Last spring I took a huge step out of my comfort zone and agreed to be a group leader at my church's ladies Bible study. Some of you may think that this isn't a big deal, but trust me...for me it was. I had actually been feeling led to lead a group for some time, but I ignored God. I'm bad about that sometimes. Not something I'm proud of, but it is what it is. I made plans to attend the Bible study last spring and the fact is that I should have been leading a group, but I never said anything. Even when I heard that leaders were needed and I was "qualified", I didn't say anything. I walked in deliberate disobedience to God, and it was NOT a good time for me. To make matters worse, my best friend DID obey the Lord and agree to lead a group. So I opened my email one day to find a message inviting our homeschool group to come to the study and be in her group. Salt in the wound!

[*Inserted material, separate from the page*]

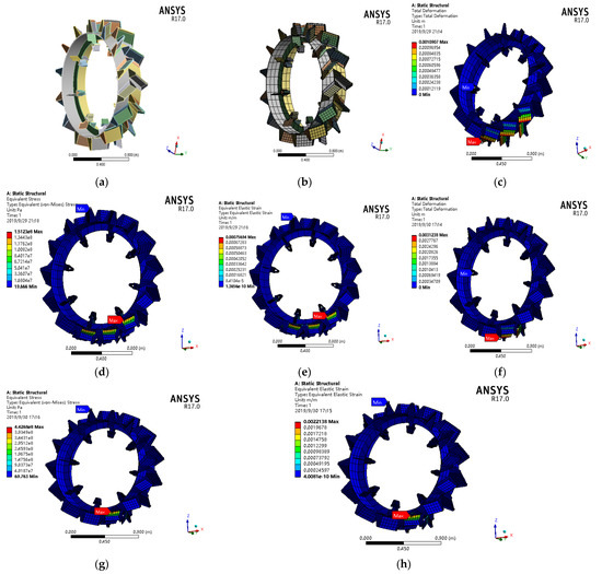 The structure of the rigid lugged wheel under static loads was analyzed for structural stability and optimization using ANSYS Workbench mechanical simulation software. ProE’s (Creo Elements) 2D and 3D engineering design platform was used to generate 3D wheel model geometry, and the entire wheel structure assembly was saved in “igs” file format, which is compatible with and importable into ANSYS Workbench. In ANSYS R17 Workbench, the static structural project solver was used for analysis, engineering data was modified according to test specifications and analysis requirements, and the ‘.igs’ geometry file was imported into the project schematic. After making some corrections and modifications, the final structure model was prepared, and the mesh was applied in Figure 12a,b. The meshing, loads, supports, and displacement setup were defined, and resulting behavior parameters, e.g., stress-strain and deformations were selected. The project was analyzed by the problem solver option in the design modeler of ANSYS. Results were generated in graphical form (color schematic), as presented in Figure 12c–h which explained the effect of applied loads on the wheel body.

Leading a study may not seem like a great significant thing, but my disobedience to God WAS a big thing. I was really convicted and exhausted every reason I could think of to excuse myself from answering God's call. I thought things to myself like:
*I'm not a "people" person.
*I'm not "holy" enough.
*I don't know enough about the Bible.
*My family is out of control so what business do I have being in any type of leadership position?
*I don't like meeting new people.
*I'm an introvert. Meeting new people stinks!
And so on and so on. But still, I felt like I should lead. As lots of preachers say, "God doesn't call the qualified, He qualifies the called". And I was definitely being called.
So, I signed up. I agreed to lead a group for the Fall's session. Fall seemed like such a long time away, and then suddenly it was September and I was so nervous! The night before the first session I couldn't sleep. All I could think about was sitting at a table of women who wouldn't contribute to the conversation. Crickets! Awkward!
As it turns out, I was worried for nothing. Even though I showed up without my Bible. Ha! I even went further outside my comfort zone and purposely didn't sit with people I know during the opening service. I met new people. It's not as bad as I thought it would be.
The group was great. Everyone participated. Our group is diverse: old and young, mother's and kidless, married and single. We learn from each other. We pray for each other. It's beautiful.
We're doing a study by Rick Warren called 40 Days in the Word. It's not our usual type of study. It's not geared specifically for women. We're learning how to study the Bible. How to have a quiet time. How to apply the Bible to our lives after we read a passage. Things we all need to know and maybe even think we already know. I'm gonna be sad when it's over!